Jennifer and Sam had wandered all afternoon along these old streets, admiring the impressive sweep of the Royal Crescent and the lovely park at Queen Square. As they strolled, Jennifer noticed an odd thing she wouldn’t have seen from a car; every house sat in a one-story-deep hole. Behind its iron fence, every house had a narrow staircase down into a hole almost a full story below street grade that led to another beautiful door. Some of the entries were like claustrophobic little patios, with colorful shade plants in pots and climbing vines stretching toward the light, but what a peculiar way to build houses, she thought.

“Honey, why did all these people put beautiful windows and a door in their basement?” she asked Sam, her authority on all things English. He laughed and squeezed her hand.

“No, my love, that’s not a basement. That’s the ground floor, at street level -- at least it was street level back when these houses were built. You’ve got to remember how long ago that was. When the original road deteriorated, the people just laid another layer over it. They built roads by hand in those days -- too hard to tear up the old road and begin fresh. They kept adding layer after layer to the road over the centuries. So the owners had to build steps to get down to their old front doors, and they had to put new front doors where first-floor windows once were.”

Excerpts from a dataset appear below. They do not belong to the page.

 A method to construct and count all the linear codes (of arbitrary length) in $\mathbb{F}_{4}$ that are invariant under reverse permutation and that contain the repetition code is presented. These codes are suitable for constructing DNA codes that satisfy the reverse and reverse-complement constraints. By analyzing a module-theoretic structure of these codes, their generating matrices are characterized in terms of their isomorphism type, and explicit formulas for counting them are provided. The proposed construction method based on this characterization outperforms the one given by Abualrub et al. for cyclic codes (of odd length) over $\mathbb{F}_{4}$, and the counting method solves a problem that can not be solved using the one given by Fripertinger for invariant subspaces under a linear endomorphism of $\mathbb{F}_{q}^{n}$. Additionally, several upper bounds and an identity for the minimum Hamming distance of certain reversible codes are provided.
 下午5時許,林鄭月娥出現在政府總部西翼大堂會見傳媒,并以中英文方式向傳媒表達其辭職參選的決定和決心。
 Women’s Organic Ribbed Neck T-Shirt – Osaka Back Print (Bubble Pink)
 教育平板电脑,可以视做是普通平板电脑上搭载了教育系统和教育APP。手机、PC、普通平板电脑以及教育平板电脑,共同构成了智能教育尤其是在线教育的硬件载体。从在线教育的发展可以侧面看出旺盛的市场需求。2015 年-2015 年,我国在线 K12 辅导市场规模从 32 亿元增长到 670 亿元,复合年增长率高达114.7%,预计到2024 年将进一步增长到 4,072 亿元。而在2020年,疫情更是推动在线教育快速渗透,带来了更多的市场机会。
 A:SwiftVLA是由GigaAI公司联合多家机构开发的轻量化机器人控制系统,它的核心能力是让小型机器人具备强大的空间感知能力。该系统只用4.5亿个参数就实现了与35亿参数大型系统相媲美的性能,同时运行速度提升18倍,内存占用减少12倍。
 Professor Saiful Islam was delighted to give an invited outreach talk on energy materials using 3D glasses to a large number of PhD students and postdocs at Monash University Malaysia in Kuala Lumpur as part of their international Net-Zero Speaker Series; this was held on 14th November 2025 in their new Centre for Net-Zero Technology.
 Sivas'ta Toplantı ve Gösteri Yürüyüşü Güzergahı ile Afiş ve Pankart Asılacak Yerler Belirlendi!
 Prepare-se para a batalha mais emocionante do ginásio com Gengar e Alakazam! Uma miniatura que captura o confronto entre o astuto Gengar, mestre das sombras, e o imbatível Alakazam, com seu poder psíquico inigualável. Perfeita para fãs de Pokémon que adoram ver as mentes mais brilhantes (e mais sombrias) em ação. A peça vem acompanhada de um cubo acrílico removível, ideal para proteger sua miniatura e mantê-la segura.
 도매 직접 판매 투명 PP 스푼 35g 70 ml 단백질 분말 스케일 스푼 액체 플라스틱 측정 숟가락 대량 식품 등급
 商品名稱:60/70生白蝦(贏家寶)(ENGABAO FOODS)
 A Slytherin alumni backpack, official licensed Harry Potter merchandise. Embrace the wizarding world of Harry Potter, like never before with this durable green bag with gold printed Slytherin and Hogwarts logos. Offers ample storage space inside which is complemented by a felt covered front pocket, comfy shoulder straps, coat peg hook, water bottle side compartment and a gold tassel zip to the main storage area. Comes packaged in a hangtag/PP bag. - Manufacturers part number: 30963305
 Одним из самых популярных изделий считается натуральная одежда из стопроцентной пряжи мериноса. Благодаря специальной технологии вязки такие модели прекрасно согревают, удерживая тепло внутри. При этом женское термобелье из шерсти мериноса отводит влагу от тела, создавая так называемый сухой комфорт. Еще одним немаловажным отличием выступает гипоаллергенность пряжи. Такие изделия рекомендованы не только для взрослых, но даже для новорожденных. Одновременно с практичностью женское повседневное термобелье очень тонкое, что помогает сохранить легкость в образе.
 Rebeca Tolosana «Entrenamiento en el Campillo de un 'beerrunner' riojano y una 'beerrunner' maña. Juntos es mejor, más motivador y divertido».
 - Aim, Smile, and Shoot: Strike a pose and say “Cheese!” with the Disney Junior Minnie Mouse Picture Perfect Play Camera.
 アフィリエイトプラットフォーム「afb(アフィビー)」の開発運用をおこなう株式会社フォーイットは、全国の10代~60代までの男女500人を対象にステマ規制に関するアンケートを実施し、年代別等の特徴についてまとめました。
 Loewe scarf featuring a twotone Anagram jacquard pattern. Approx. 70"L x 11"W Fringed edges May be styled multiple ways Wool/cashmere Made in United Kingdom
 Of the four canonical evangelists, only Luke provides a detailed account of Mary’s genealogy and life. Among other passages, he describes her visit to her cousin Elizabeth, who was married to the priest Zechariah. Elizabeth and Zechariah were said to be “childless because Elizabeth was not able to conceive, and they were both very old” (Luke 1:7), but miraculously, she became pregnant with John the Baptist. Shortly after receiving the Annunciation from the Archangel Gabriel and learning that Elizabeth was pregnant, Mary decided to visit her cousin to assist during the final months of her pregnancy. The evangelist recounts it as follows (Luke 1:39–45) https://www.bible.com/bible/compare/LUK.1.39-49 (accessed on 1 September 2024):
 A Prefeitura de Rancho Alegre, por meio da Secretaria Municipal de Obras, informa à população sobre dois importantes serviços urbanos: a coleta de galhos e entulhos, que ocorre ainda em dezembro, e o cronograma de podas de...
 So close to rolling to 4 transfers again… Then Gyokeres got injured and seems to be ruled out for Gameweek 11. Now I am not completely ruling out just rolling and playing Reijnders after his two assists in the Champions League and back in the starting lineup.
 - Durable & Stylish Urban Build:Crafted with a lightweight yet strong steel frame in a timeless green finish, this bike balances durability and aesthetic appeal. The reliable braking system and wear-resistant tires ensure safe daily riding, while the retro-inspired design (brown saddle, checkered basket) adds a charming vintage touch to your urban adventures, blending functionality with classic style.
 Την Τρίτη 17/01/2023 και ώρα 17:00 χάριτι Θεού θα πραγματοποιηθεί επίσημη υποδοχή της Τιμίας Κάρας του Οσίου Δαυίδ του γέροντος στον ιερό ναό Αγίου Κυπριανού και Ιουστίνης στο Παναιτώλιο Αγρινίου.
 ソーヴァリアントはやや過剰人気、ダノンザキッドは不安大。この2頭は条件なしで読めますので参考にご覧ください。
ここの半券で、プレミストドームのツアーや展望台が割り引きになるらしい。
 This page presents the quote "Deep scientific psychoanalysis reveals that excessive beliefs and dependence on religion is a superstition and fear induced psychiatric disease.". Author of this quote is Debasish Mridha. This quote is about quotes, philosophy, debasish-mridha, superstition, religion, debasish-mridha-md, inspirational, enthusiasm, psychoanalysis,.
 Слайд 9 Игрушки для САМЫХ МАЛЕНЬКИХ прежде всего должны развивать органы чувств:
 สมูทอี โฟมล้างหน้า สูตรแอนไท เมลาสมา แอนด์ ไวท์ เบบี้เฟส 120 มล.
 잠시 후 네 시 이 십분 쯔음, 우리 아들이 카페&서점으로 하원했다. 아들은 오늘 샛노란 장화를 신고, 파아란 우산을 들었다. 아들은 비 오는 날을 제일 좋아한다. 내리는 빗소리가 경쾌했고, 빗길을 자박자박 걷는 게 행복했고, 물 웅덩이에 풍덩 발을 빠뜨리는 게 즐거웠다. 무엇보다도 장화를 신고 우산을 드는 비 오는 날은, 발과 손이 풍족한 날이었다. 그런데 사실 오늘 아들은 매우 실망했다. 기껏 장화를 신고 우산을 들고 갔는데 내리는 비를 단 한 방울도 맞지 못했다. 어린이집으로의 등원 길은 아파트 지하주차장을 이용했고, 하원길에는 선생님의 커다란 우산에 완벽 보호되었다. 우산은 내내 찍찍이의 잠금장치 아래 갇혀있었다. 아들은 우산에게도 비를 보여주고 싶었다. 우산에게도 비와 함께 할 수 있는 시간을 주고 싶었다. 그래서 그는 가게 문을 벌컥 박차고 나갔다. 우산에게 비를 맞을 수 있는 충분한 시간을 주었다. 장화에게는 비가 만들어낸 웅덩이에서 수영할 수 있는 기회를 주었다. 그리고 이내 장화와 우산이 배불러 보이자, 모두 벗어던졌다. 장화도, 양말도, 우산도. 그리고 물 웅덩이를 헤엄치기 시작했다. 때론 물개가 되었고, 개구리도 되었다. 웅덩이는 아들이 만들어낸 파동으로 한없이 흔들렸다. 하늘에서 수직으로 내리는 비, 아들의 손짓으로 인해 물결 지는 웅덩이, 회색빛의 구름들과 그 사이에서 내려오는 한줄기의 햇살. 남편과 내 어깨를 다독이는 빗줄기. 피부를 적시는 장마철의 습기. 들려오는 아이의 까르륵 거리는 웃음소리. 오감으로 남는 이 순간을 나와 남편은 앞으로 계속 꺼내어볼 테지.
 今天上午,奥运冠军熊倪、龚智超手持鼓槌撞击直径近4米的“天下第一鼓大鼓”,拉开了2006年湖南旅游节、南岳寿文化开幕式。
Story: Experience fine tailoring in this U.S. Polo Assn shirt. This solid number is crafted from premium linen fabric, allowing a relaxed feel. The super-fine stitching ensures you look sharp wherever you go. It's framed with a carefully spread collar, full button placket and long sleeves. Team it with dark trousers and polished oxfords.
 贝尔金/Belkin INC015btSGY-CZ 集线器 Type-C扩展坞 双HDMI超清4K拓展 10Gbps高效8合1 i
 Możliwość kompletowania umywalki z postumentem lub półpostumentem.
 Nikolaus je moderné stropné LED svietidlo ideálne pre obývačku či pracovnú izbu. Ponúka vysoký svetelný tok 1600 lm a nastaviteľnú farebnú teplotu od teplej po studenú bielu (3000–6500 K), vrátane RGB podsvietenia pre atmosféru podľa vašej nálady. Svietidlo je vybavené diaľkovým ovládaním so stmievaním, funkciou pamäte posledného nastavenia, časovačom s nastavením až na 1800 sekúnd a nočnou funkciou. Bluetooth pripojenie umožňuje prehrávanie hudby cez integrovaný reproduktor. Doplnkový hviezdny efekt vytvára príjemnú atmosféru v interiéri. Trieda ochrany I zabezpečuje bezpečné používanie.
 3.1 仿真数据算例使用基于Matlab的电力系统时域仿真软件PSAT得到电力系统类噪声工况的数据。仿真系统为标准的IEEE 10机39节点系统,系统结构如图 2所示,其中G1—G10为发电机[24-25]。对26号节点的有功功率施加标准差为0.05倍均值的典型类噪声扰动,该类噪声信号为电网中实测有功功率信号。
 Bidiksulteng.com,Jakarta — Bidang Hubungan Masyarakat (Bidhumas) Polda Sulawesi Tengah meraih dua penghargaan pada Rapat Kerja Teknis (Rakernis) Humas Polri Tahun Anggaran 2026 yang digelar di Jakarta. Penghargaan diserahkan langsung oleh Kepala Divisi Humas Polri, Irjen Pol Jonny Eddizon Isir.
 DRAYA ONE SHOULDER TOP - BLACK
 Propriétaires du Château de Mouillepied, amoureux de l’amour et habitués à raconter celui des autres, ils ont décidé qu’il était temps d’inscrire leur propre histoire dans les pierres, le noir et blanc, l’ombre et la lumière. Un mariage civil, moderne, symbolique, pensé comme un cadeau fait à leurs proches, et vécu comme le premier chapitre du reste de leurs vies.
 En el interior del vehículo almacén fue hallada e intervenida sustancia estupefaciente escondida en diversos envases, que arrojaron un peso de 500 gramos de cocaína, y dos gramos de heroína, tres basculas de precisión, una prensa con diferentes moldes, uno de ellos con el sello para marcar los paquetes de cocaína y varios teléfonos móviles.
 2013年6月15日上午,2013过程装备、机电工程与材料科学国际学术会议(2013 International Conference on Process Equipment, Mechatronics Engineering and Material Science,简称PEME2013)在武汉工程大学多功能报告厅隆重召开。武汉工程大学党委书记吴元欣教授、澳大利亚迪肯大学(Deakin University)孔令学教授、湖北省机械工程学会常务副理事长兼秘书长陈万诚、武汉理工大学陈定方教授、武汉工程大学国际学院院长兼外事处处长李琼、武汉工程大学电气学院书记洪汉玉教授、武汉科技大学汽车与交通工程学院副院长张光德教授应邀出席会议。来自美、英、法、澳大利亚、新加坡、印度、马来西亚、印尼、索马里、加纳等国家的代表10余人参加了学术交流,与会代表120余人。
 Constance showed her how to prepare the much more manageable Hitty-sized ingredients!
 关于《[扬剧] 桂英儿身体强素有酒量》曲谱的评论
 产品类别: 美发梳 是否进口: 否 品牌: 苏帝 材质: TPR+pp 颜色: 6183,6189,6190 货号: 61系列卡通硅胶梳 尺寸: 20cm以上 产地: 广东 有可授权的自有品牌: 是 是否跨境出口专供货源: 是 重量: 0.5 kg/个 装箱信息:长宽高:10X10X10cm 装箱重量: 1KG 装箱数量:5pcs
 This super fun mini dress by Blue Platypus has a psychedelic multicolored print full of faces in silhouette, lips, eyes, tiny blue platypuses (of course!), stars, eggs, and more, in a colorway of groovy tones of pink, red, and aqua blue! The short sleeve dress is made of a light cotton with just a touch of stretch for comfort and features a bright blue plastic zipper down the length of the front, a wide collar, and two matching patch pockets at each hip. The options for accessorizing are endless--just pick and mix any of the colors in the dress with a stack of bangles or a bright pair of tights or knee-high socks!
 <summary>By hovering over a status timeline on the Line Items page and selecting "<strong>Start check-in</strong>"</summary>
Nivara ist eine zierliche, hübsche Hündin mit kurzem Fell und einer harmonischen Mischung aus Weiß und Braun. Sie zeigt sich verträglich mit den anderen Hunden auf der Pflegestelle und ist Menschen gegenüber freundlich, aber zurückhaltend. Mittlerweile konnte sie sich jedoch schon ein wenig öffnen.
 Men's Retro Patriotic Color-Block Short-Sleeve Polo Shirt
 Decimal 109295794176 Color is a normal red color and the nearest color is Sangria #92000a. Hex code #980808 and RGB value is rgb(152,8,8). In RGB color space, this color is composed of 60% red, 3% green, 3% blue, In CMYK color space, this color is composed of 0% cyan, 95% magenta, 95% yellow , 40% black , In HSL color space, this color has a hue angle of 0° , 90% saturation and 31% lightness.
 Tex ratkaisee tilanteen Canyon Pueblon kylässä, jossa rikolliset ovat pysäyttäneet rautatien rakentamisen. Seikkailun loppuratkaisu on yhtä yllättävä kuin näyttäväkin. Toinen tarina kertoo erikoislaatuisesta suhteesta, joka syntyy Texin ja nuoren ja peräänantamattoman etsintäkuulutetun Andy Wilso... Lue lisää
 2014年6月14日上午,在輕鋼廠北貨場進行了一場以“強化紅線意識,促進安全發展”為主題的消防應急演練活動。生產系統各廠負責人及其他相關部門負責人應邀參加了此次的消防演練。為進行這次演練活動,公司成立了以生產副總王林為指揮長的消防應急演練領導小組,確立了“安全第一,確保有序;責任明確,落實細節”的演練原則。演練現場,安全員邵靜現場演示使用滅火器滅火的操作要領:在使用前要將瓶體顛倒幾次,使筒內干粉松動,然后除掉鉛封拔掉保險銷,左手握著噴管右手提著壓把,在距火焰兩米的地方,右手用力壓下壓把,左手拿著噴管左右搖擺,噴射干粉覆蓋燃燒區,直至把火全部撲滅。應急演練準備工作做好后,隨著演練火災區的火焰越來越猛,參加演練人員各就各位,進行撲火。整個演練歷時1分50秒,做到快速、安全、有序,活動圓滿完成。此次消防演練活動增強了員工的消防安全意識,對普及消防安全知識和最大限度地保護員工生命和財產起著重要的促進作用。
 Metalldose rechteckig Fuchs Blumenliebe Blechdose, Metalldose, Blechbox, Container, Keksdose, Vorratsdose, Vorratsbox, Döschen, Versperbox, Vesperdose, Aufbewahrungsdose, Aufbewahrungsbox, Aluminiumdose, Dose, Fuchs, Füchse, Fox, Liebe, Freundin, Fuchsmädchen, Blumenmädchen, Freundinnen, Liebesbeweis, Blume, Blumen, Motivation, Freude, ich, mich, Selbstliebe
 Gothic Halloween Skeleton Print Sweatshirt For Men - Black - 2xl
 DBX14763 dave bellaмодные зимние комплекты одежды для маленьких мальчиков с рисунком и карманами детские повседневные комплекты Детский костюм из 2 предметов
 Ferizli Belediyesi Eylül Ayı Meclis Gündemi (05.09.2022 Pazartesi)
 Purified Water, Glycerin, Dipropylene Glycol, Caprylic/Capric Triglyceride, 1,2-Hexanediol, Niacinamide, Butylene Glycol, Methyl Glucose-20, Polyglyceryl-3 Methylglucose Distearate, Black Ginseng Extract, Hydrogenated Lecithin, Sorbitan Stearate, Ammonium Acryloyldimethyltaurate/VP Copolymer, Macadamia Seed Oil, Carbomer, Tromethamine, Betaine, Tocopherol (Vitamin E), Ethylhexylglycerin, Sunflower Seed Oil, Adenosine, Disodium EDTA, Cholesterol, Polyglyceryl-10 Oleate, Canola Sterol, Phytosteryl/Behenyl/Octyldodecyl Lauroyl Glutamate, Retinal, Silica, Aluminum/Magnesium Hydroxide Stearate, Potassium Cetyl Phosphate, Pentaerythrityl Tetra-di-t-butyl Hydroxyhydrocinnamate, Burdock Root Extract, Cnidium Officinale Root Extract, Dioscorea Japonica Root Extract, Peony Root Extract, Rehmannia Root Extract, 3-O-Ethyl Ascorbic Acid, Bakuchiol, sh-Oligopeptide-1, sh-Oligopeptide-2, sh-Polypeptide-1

Jennifer leaned on the iron fence and craned her neck, trying to see down in the hole. Would the wall facing the door have layers, like an archeological dig? Could the residents see rock and cobblestone, brick and macadam, like the different-patterned stripes of a Fair Isle sweater?

She imagined these genteel houses over the centuries, watching the street rising just a meter or two away, an eight-foot slow-motion landslide engulfing them to their knees.

“Oh, dear,” murmured one of them as the cobblestones rose above her threshold. “I don’t like this a-tall.”

“Mustn’t grumble, dear,” another chided gently as brick paving reached doorknob-high. “We can’t stop progress.”

“I say,” whispered the first. “I can’t see out my ground-floor windows any longer. There’s no air, there’s no light.”

“It’s the smell of this awful new stuff that bothers me,” sniffed another. “I believe they refer to it as asphalt.”

“Mustn’t fuss,” another sighed. “I’ve a lovely pot of tea and chocolate hobnobs in the withdrawing room. Stiff upper lip, girls.”

Jennifer felt so foreign, so American.